Feel free to comment below with any questions/concerns/feedback You can tag myself or @tyler if something urgent comes up!

patryk_wozniczka · May 24, 2021, 6:04pm

I did schedule a few perhaps unnecessarily large daylight and energy simulations yesterday
Should I cancel them? Some are hanging, a few are running?

mostapha · May 24, 2021, 6:09pm

Hi @Patryk, that actually gave us a very good case to see how far we can go before something breaks. Thanks!

I think you can just let them be. We might need to cancel some of them on your behalf and you can re-run them later but let’s see where do we get with this. Thanks again!

tyler · May 24, 2021, 6:13pm

Hi @Patryk I am looking into this now. As @Mostapha said, we may need to cancel some on your behalf, but will follow up here afterwards. Thanks again for giving us a great use case!

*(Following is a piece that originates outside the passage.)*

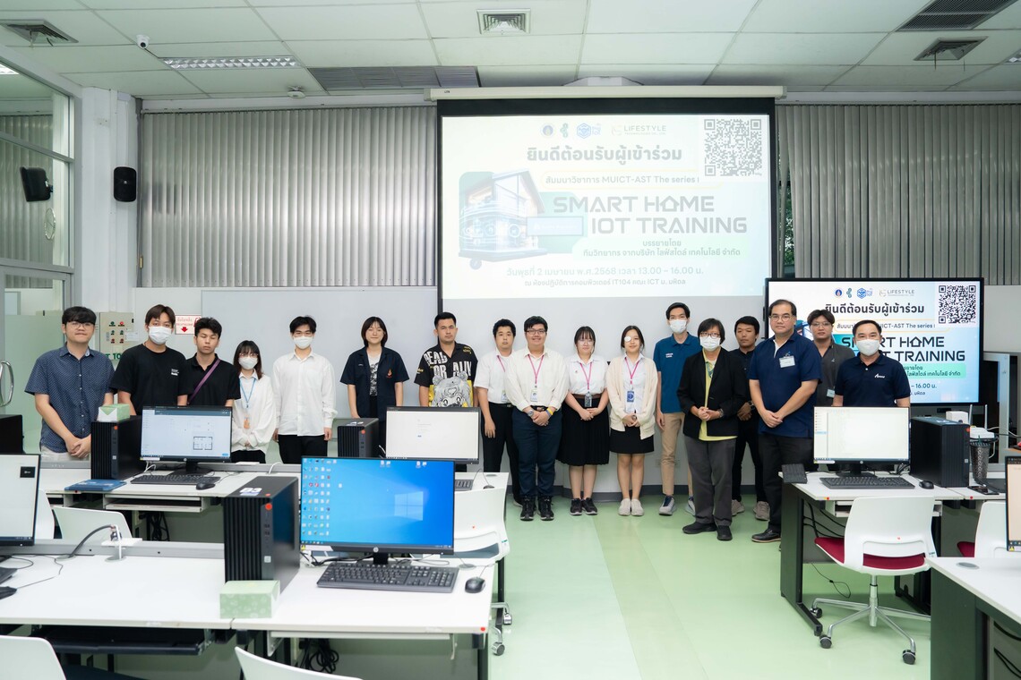วันที่ 2 เมษายน 2568 คณะเทคโนโลยีสารสนเทศและการสื่อสาร มหาวิทยาลัยมหิดล (ICT Mahidol) ร่วมกับ สมาคมไทยไอโอที และ บริษัท ไลฟ์สไตล์ เทคโนโลยี จำกัด จัดสัมมนาวิชาการ MUICT-AST The Series ในหัวข้อ “Smart Home IoT Training” โดยได้รับเกียรติจาก ผศ.ดร. ฐิตินันท์ ตันติธรรม อาจารย์ประจำกลุ่มวิชาวิทยาการคอมพิวเตอร์ กล่าวเปิดกิจกรรม พร้อมด้วย คุณสรรสวีร์ ศักตารักษ์ Product Specialist คุณอาทิตย์ สุขช่วย Smart Solution Specialist คุณสหรัตน์ จันทร์สิงห์ และ คุณเฉลิมพล จรูญกิตติพงศ์ Lifestyle’s Solution Expert จาก บริษัท ไลฟ์สไตล์ เทคโนโลยี จำกัด ร่วมเป็นวิทยากรถ่ายทอดองค์ความรู้เกี่ยวกับการสร้างระบบบ้านอัจฉริยะโดยใช้แพลตฟอร์ม Home Assistant และอุปกรณ์สมาร์ทโฮมของแพลตฟอร์ม TUYA ให้แก่ผู้สนใจ ณ ห้องปฏิบัติการคอมพิวเตอร์ IT104 ชั้น 1 คณะ ICT มหาวิทยาลัยมหิดล ศาลายา

tyler · May 24, 2021, 7:42pm

So I ended up having to cancel the jobs that had started >= 5 runs in order to reduce the load on our database. The issue is with how we are storing/updating the jobs in the database which became a bottleneck for a couple different services. This is an optimization that we will make a high priority.

Some of the jobs will continue to show the status as ‘Running’ until we can do a more thorough clean up of the DB. As a workaround, you could try starting these large jobs one at a time while we implement a fix. Thanks again for your patience and for the stress test!

devang · May 25, 2021, 8:49am

Welcome @Patryk!

I just wanted to share that I am really glad you’re running these

We appreciate this!

mostapha · June 2, 2021, 2:10am

Just a quick update that we have been working on this and we have made some good progress. Most of the changes has already been merged into production server. We are working on some other side-effects of these changes. We will post a more comprehensive update once the issue is fully resolved!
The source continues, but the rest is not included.